As observed in other neurodegenerative disease states, deficits in neuronal metabolic dysfunction appear to be significant to the central pathophysiology in PD, in addition to altered glutamatergic neurotransmission. Dopamine cell bodies located in the substantia nigra pars compacta are particularly exposed to oxidative stress and metabolic dysfunction. A reduced capacity to entertain metabolic demands may render these compromised pathways vulnerable to the toxic effects of glutamate, which acts as a neurotoxin in the presence of impaired metabolic cellular function.27–29

Pre- and postsynaptic factors are also likely to influence motor complications observed in patients with PD treated with L-DOPA. Dyskinesias and motor fluctuations are observed more frequently in patients with greater presynaptic denervation.30,31 At the postsynaptic level, patients with greater presynaptic denervation show increased density and sensitisation of striatal glutamatergic receptors (NMDA GluN2A subunit, mGluR5), as well as higher expression of glutamatergic receptors extrasynaptically. All these changes finally cause decreased depotentiation at the striatal level, which is independently related with the development of other motor fluctuations or dyskinesias.32

The involvement of the glutamatergic system in the pathogenesis and symptomatology of PD provides an alternative for exploratory targets for therapeutic intervention in PD. Pharmacologic modulation of glutamatergic hyperexcitability has antiparkinsonian symptomatic effects and may also help to protect the remaining dopamine neurons from excitotoxicity.27 Exploration into drugs that target the glutamatergic system with appropriate pharmacologic selectivity is likely to provide improved treatment strategies for PD.
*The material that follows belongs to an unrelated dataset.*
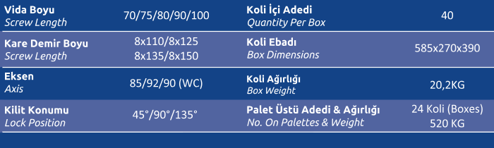 Kilit Konumu (Lock Position) 45° / 90° / 135°
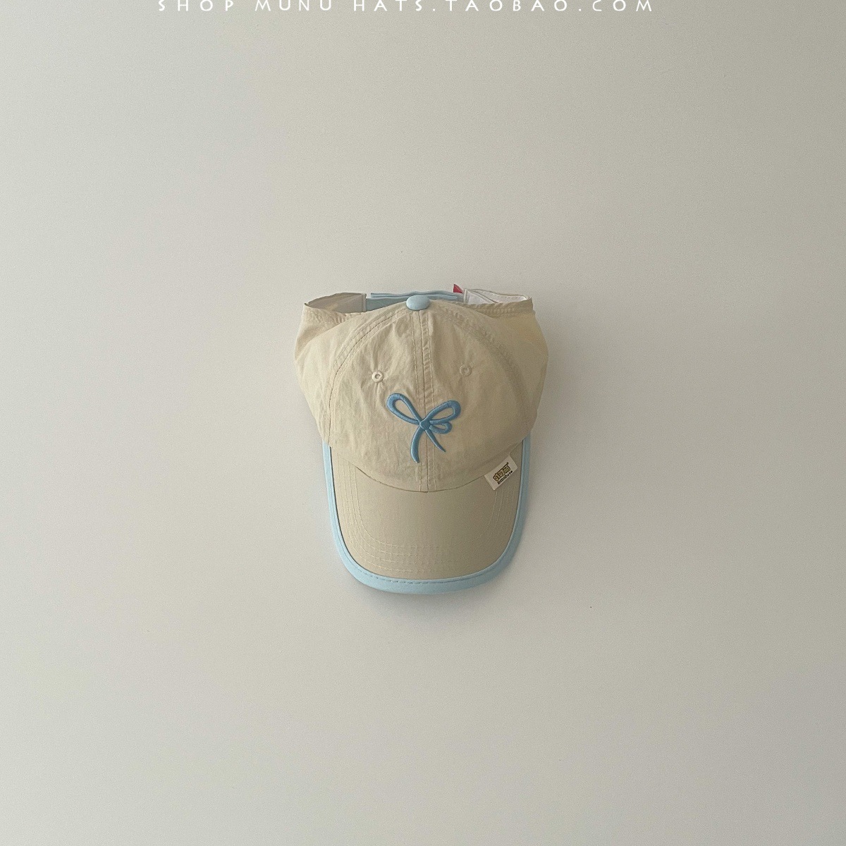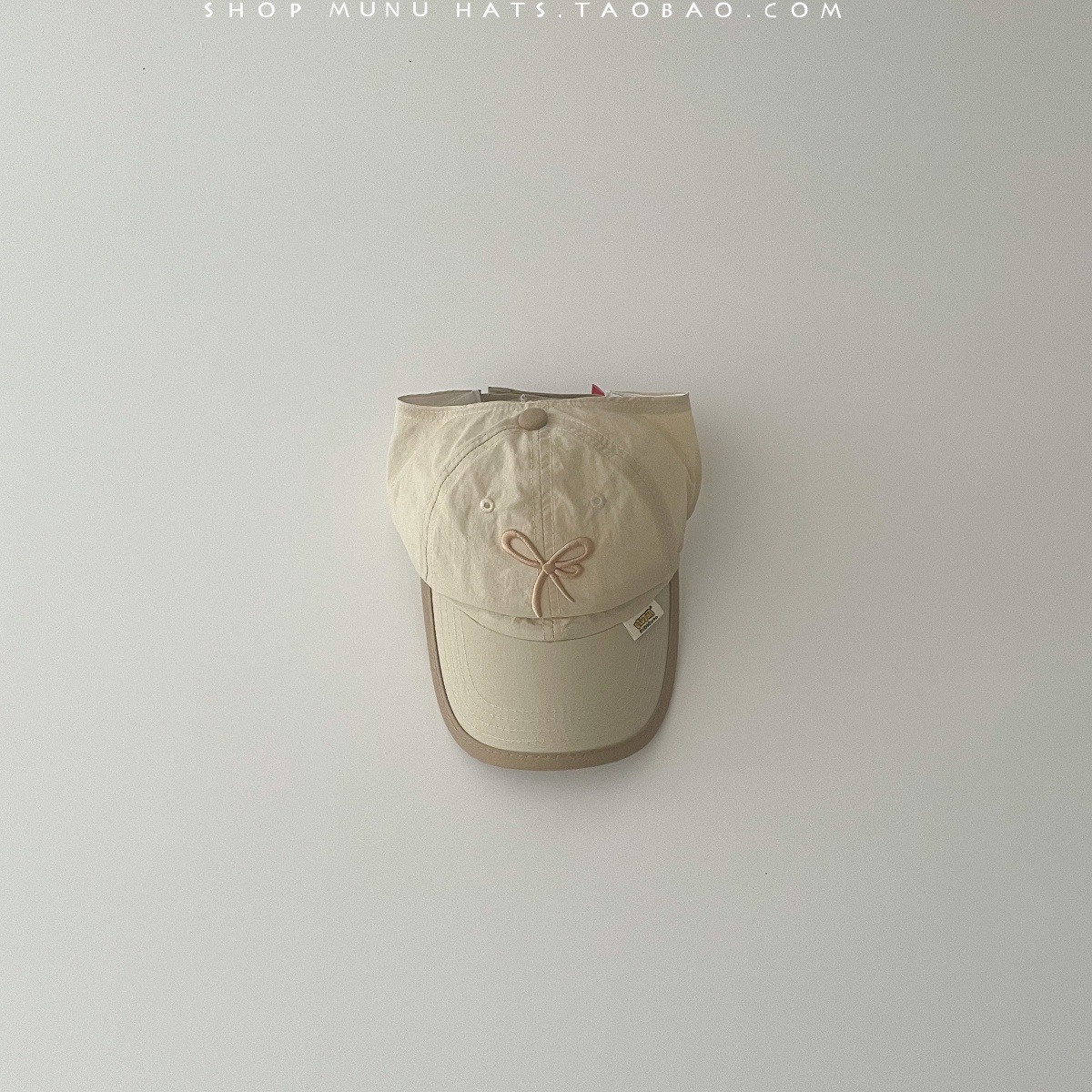 蝴蝶结拼边空顶鸭舌 卡其

Adjunct therapy using safinamide

Safinamide (Xadago®, Zambon SpA, Bresso, Italy) is a MAO-B inhibitor and glutamate modulator. Safinamide is approved (EU) for the treatment of mid- to late-stage fluctuating PD as an adjunct treatment to L-DOPA monotherapy or in combination with other PD medications. Safinamide demonstrates two mechanisms of action: 1) safinamide inhibits MAO-B, an enzyme that promotes dopamine degradation, thereby indirectly increasing dopamine levels; and 2) reduces abnormal glutamate release by modulation of sodium- and calcium-ion channels. Specifically, safinamide inhibits presynaptic sodium channels thus reducing glutamate release in neural regions that exhibit glutamatergic hyperexcitability (Figure 4).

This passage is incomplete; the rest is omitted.